I´m sure they can ...  They just don't like queueing!

Otherwise get a Gibraltar taxi to the border and there is a Spanish taxi rank right there by the gate.


----------



## 2ladies (Feb 7, 2008)

Alcalaina said:


> I´m sure they can ...  They just don't like queueing!
> 
> Otherwise get a Gibraltar taxi to the border and there is a Spanish taxi rank right there by the gate.

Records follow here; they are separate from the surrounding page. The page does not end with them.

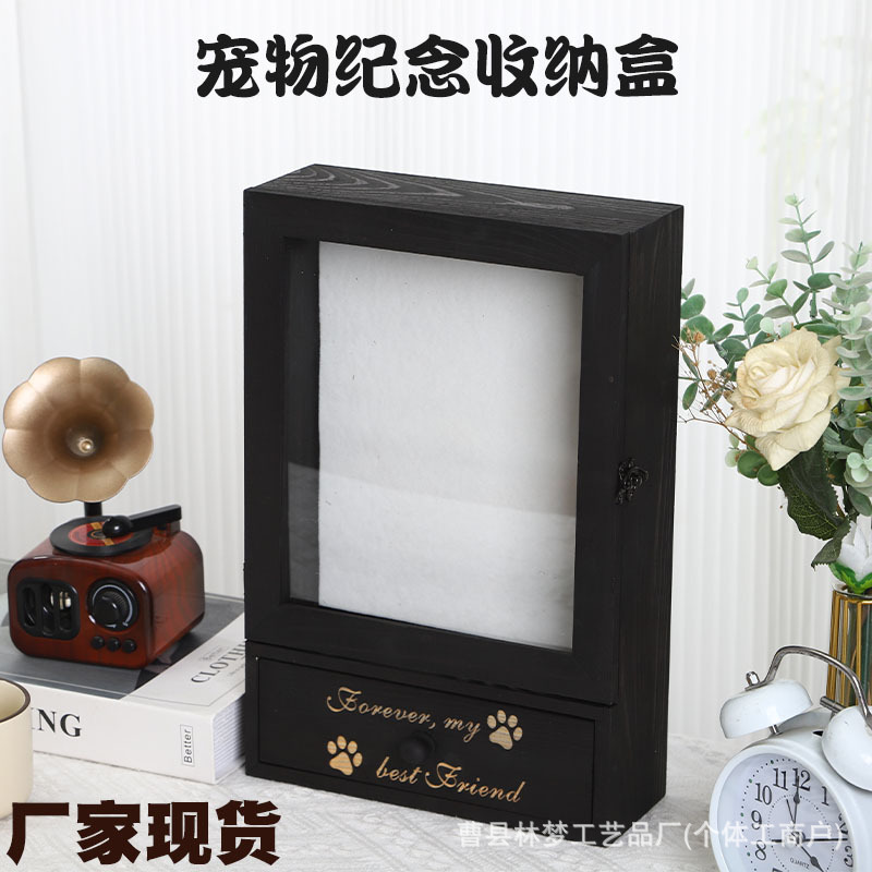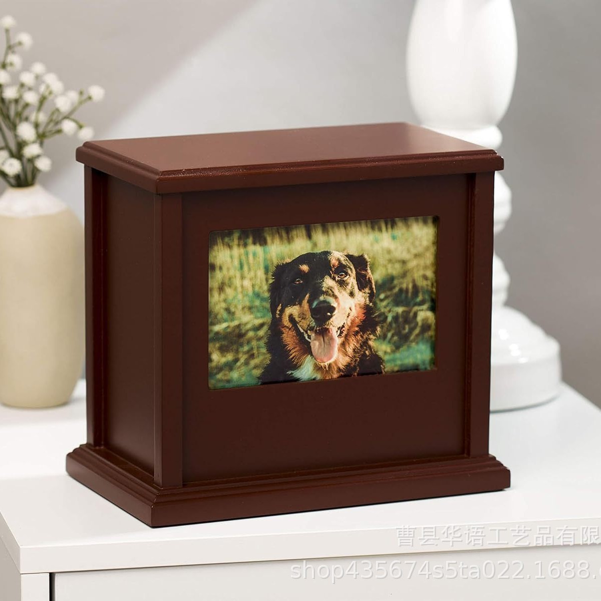 無垢材ペット記念ボックス犬猫骨壺火葬灰収納ボックスフォトフレーム付きペット棺ボックス
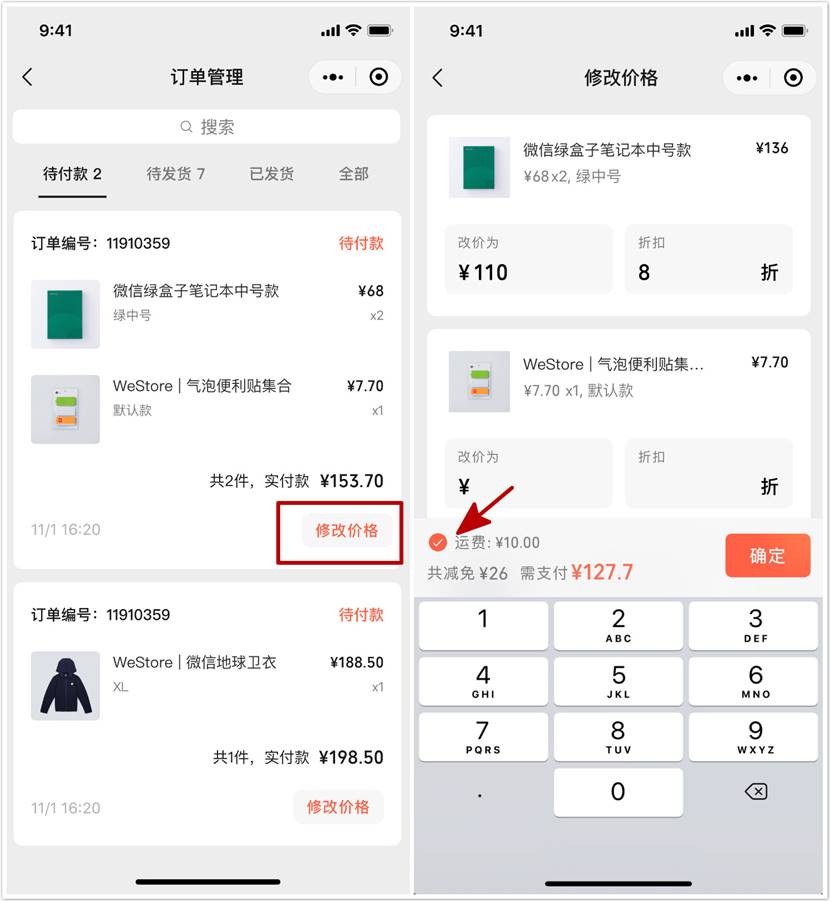 此外,小商店的基礎(chǔ)功能也迎來進(jìn)一步優(yōu)化:支持商家在移動端直接修改待付款訂單的價格(目前僅支持調(diào)低價格),提供靈活的優(yōu)惠價格和運(yùn)費(fèi)減免服務(wù);同時,當(dāng)消費(fèi)者下單或發(fā)起售后時,商家也可通過移動端的客服功能主動聯(lián)系消費(fèi)者,促進(jìn)交易轉(zhuǎn)化、提高溝通效率。
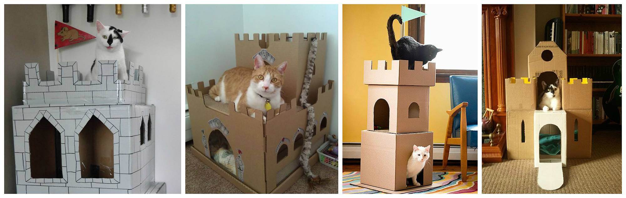 Жилище может быть не только стандартной квадратной формы. Это и вигвам, и избушка, и даже круглый домик. Умельцы создают целые лабиринты из картона, многоярусные сооружения или игровые комплексы. Можно соединить коробки разного размера, взяв большие коробки для основания, а поменьше – для площадок и уровней. Придумайте интересный дизайн, используя тесьму, ленты, фурнитуру. Сделайте домик для кошки из коробки в цветах вашего интерьера.
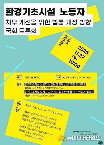기본소득당 국회의원 용혜인과 기본소득당 노동·안전위원회, 전국환경노동조합, 여성환경연대는 11월 27일 목요일 오전 10시, 국회도서관 소강당에서 '환경기초시설 노동자 처우 개선을 위한 법률 개정 방향 국회 토론회'를 공동 개최한다.
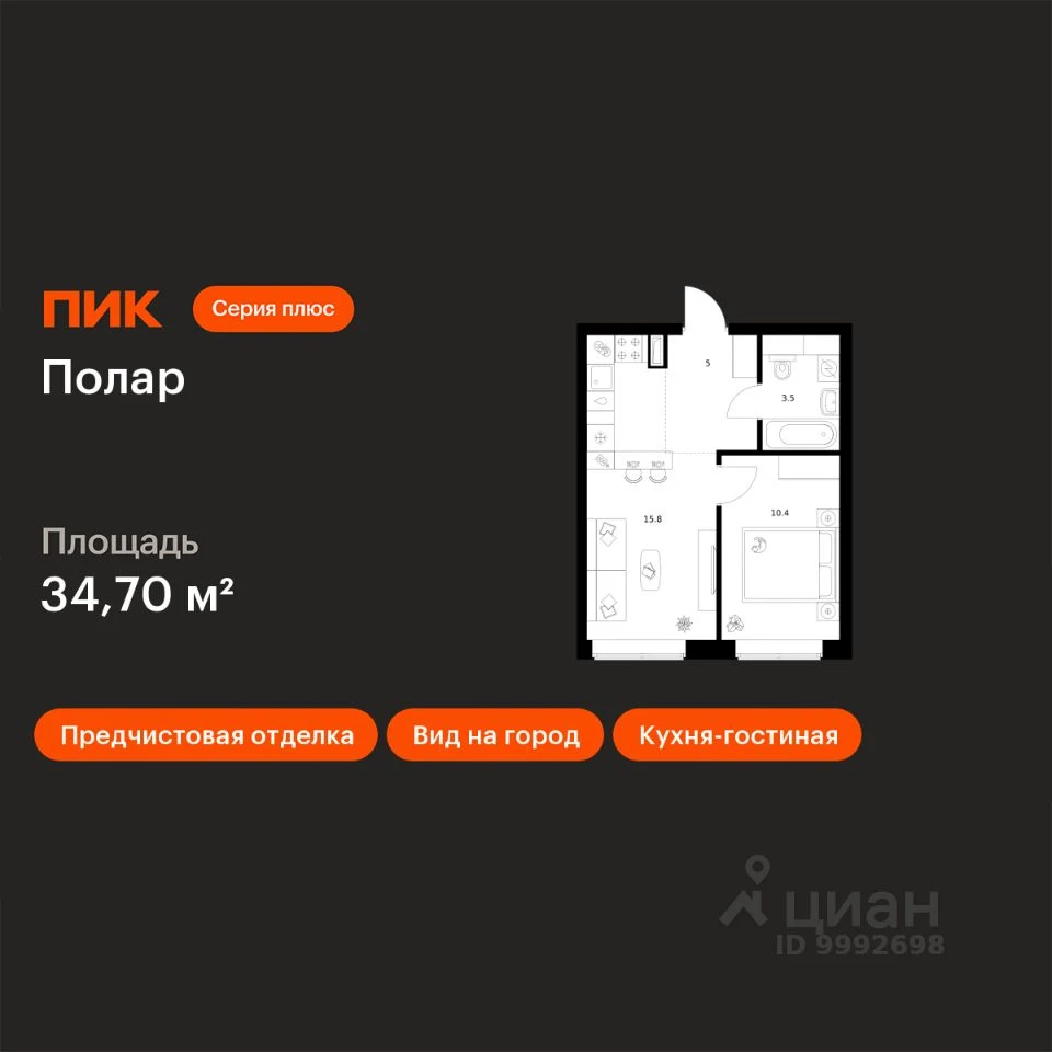 1-комнатная, 34.7 м², №116142

Right next to each other? I don't think so!! How would we cope with six suitcases?


----------



## Alcalaina (Aug 6, 2010)

2ladies said:


> Right next to each other? I don't think so!! How would we cope with six suitcases?


Well, I´m not sure why anyone would want to travel with six suitcases ...  but surely with your elderly relative there, people will offer to help you.

There´s another company here:

Gibraltar Airport Transport and Taxi Service

Leisure Bus can provide all your airport transfer needs to and from Gibraltar, our private minibus taxi service is available to carry individuals, families and large groups. Our prices become cost effective when carrying more than 4 passengers, making us cheaper than taking 2 taxis to your destination. However our courteous and reliable service with English speaking drivers also appeal to individuals and small groups.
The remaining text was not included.